Fukida stared at the remaining bones. He was frowning and working his lips; he seemed surprisingly disturbed; the gears spinning in his mind seemed just short of audible. In the silence, the low hum of conversations drifted from the other cubicles. “You’re sure you never saw his face?” a detective asked kindly. “You wouldn’t recognize him if you saw him again?”

“Okay, how do we know the toes just didn’t get lost after he died, like just about every other damn bone in his body?” Fukida finally demanded. “What makes you so sure they were amputated?”

“Because—” Gideon began.

“Because,” John cut in, “when the distal phalanges and a segment of the middle phalanges are removed, the bone that’s left, that is, the, uh, proximal segments of the, of the middle phalanges, undergoes, um, osteoporotic atrophy and becomes resorbed.” He gestured at the bones. “I mean,” he said blandly, “it’s obvious, really.”

“Yes, it seems that way to me, too,” Gideon said, suppressing his smile.

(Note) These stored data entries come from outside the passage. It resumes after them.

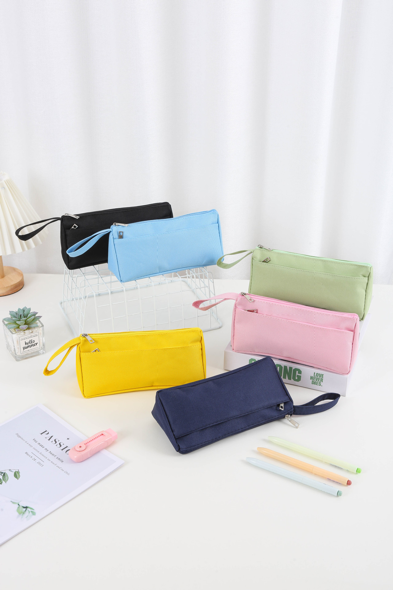 대용량 간단한 연필 가방 문구 상자 ins 스타일 초등학생 연필 가방 맞춤형 로고 초등 및 중등 학생 문구 가방
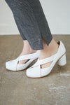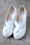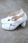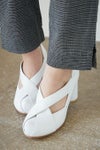 アッパーのクロスベルトが足元を細くすっきり見せてくれるヒールパンプス。FLAT APARTMENT 2016春夏のニューモデルです。全てオリジナル木型を使用しハンドメイドで作られており、主にイタリアから取り寄せる柔らかな皮革は、履くほどに足に馴染んできます。少しつま先の反り返った独特のフォルムが美しく、太い円柱の7cmヒールは、インパクトを与えながらも、安定感のある履き心地を実現してくれます。また、ヒールに同レザーを使用することで上品でエレガントな印象に仕上げています。
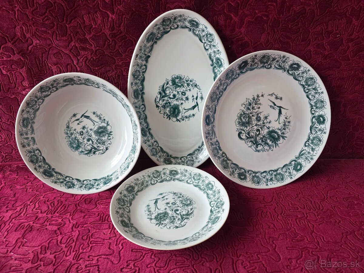 Servirovacie taniere 3ks a jeden hlboký. Ak nie je možný osobný odber, posielam poštou. Prí kúpe tovaru nad 30eur a platbe na účet poštovné zdarma. Balím spoľahlivo. KLIK NA MOJ NICK.
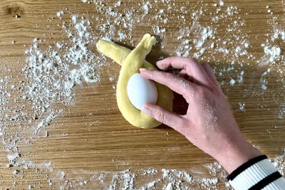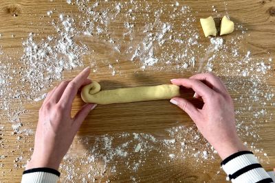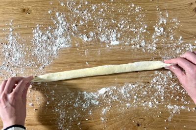 - Divide the finished dough into eight equal parts. These are then simply rolled into strands with your hands. Taper both ends of the roll slightly, as these will become the bunny ears.
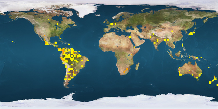| Brazil | 181 | Panama | 34 | Canada | 6 | | Peru | 141 | New Zealand | 26 | United States | 5 | | Colombia | 136 | Philippines | 22 | Indonesia | 5 | | Argentina | 86 | India | 22 | Myanmar | 4 | | Germany | 56 | Japan | 18 | Netherlands | 4 | | South Africa | 51 | Guyana | 13 | Bolivia | 4 | | Australia | 46 | El Salvador | 7 | | |
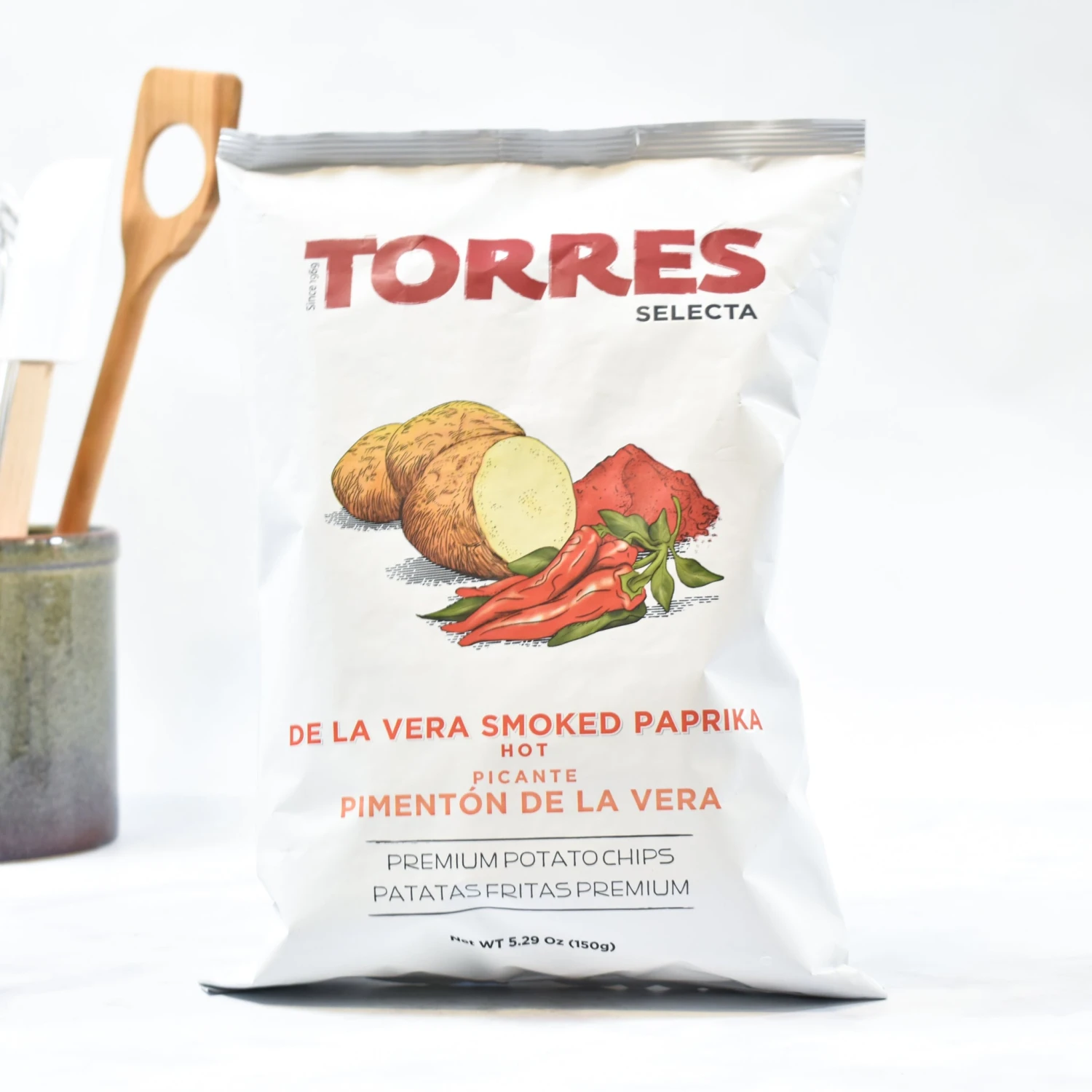 Torres smoked paprika crisps are just what you want with a cool glass of beer or lemonade. The crisps are dusted with hot, oak-smoked De la Vera DOP paprika, which has a spicy, smoky kick.
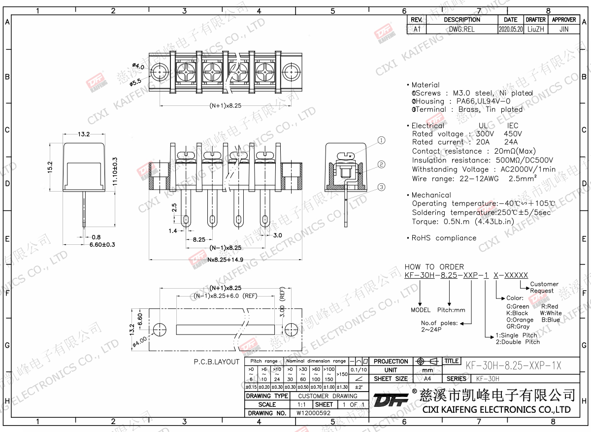 Material:M3.0 Steel,Ni platedTerminal:Brass,0.8t Ni platedHousing: PA66,UL94V-0ElectricalULIECRated voltage300V 450V Rated current20A24AInsulation resistance500MΩ/DC500VWithstanding voltage AC2000V/1minWire range22-12AWG 2.5mm2MechanlicalTemp.rang-40℃~+105℃ Torque0.5N.m 4.4Lb.in

“I’ll be damned.” Fukida wasn’t looking at the bones, he was rocking lightly back and forth in his tilting chair, looking through a window behind them at the compost piles and snapping a rubber band that was around his wrist. The look on his face was part befuddlement, part amusement. “And so that’s how you identified him as Torkel? That’s the whole bit?”

“That was the main thing, yes,” Gideon said. “There were some other things, but ...why? What’s the matter? Is there something funny about it?”

“Oh, yeah. Hilarious.” He stopped rocking, gave the rubber band one more vigorous snap, and looked directly at Gideon. “The corpse in the burned building, that’s how they identified him as Torkel. Otherwise, he was unrecognizable.”

“I don’t understand.”

He was missing two toes, too. The same two frigging toes, I’m pretty sure.”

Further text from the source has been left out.